His second marriage was to Tania Goss (1962-1965), an alumna of the Ethel Walker School and Vassar College who was the daughter of Natalie Holbrook and Chauncey Porter Goss (d. 1964) of Middlebury, Connecticut. In 1964 they had a son, Chauncey Goss Morgan, who had a career in management primarily of manufacturing businesses.

His third marriage was to Anne Chute (1989-1993). They had no children together.

His fourth marriage was to Sonja Tremont (1998-2006). They had one daughter together, Quincy Adams Morgan.

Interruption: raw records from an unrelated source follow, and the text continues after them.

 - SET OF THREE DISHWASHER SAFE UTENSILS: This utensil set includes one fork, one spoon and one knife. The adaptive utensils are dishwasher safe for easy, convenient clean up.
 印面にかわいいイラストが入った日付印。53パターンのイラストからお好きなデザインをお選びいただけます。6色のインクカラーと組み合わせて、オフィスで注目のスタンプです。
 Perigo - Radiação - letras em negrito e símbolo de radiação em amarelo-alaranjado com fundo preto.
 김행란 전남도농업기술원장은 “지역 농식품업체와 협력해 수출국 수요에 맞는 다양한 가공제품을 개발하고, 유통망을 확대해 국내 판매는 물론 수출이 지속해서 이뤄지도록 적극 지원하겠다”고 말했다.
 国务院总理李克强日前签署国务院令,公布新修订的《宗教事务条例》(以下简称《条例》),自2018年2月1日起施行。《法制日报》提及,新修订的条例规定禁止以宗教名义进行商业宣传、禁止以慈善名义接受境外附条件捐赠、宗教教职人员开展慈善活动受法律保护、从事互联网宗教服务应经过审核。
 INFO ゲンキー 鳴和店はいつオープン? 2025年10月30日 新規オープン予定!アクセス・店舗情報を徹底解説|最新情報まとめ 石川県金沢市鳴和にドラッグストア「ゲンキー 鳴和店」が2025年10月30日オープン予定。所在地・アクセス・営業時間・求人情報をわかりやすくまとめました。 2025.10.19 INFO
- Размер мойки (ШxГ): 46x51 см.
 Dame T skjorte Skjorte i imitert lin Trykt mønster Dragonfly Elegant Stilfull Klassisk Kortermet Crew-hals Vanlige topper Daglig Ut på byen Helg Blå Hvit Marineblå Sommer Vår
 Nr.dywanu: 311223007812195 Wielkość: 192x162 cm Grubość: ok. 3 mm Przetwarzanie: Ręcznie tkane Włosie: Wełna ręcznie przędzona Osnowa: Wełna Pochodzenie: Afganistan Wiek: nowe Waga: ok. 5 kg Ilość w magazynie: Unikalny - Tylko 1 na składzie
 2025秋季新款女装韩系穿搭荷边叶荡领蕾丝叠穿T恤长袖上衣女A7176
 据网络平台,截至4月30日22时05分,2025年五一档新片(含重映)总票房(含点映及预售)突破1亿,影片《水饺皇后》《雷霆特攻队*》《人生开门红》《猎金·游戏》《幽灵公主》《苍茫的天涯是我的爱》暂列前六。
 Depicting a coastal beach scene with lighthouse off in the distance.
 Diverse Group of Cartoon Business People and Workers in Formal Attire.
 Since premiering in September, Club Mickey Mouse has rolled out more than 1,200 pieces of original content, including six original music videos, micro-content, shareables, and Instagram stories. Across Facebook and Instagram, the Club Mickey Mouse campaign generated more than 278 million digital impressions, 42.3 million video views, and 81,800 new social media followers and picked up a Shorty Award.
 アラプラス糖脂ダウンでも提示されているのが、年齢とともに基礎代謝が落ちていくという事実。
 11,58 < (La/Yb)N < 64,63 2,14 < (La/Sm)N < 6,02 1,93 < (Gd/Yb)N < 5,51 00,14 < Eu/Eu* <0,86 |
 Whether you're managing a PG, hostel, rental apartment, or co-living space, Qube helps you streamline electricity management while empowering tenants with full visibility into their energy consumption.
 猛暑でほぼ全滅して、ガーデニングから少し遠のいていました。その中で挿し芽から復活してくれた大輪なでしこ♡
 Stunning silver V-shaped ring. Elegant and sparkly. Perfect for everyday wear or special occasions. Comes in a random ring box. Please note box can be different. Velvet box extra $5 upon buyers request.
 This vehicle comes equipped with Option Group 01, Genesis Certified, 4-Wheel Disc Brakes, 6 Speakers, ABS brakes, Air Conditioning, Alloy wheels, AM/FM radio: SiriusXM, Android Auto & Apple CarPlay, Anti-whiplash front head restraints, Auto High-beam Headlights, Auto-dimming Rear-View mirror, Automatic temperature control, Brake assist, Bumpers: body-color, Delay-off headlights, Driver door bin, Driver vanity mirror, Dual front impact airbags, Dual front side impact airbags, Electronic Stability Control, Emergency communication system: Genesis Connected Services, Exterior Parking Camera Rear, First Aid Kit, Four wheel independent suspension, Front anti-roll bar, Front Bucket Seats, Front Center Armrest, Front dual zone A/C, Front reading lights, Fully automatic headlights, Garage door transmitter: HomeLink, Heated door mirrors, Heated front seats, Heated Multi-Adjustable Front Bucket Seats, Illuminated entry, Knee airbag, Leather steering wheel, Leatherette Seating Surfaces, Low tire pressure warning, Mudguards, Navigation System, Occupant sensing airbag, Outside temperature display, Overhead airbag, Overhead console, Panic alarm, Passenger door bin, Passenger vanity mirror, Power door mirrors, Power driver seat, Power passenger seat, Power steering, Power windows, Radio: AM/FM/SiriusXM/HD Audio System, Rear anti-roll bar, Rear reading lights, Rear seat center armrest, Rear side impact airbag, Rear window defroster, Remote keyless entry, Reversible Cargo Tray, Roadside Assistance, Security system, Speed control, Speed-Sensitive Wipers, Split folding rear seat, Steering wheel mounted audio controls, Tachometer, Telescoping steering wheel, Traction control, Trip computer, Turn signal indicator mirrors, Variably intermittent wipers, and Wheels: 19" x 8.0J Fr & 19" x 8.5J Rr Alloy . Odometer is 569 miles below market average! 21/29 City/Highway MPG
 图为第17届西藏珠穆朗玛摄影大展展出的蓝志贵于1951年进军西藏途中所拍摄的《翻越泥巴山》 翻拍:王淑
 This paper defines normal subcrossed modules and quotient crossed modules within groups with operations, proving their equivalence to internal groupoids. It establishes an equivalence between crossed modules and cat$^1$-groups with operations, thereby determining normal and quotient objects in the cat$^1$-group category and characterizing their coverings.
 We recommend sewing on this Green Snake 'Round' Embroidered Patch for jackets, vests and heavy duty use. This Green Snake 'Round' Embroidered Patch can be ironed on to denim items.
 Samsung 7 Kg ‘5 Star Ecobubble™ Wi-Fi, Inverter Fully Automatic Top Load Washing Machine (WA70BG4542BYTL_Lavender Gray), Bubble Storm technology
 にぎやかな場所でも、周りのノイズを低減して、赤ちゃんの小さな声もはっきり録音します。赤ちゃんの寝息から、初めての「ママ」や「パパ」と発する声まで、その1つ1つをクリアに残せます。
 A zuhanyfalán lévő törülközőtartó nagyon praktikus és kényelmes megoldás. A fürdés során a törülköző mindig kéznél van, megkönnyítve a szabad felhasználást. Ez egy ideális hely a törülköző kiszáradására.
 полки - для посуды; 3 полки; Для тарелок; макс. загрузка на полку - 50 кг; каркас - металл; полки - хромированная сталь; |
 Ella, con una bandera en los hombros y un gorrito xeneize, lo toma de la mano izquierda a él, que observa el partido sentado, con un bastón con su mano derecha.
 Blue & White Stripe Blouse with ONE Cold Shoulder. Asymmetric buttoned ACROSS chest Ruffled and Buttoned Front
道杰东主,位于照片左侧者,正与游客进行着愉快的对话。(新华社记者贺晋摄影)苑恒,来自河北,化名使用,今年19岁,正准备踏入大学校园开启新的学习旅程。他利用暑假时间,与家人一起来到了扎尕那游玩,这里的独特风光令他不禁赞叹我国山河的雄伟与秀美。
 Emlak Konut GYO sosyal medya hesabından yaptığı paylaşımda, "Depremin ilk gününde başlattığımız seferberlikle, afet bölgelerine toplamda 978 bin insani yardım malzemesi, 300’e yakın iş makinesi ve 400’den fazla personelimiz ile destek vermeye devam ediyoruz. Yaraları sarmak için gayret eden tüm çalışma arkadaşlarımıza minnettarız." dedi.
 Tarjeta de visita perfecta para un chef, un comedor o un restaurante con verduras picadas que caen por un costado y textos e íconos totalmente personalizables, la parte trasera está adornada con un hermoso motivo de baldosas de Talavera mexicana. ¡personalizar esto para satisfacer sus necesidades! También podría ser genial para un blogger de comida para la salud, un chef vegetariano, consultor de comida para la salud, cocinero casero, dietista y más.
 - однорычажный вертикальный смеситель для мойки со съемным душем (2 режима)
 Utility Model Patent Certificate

His fifth marriage was to Connie H. Morgan (2010-2025) to whom he was married to until his death in 2025. They share their daughter Caroline Philipson and stepdaughter Christina Philipson.

===Residences===
Morgan owned Caritas Island, a 3.5 acre private island compound off the coast of Stamford, Connecticut with a 26-room, 14,000 ft2 home originally built in 1906. In 2011, Morgan listed the island for sale for $18.9 million.

=== Death ===
Morgan died on January 23, 2025, at the age of 94.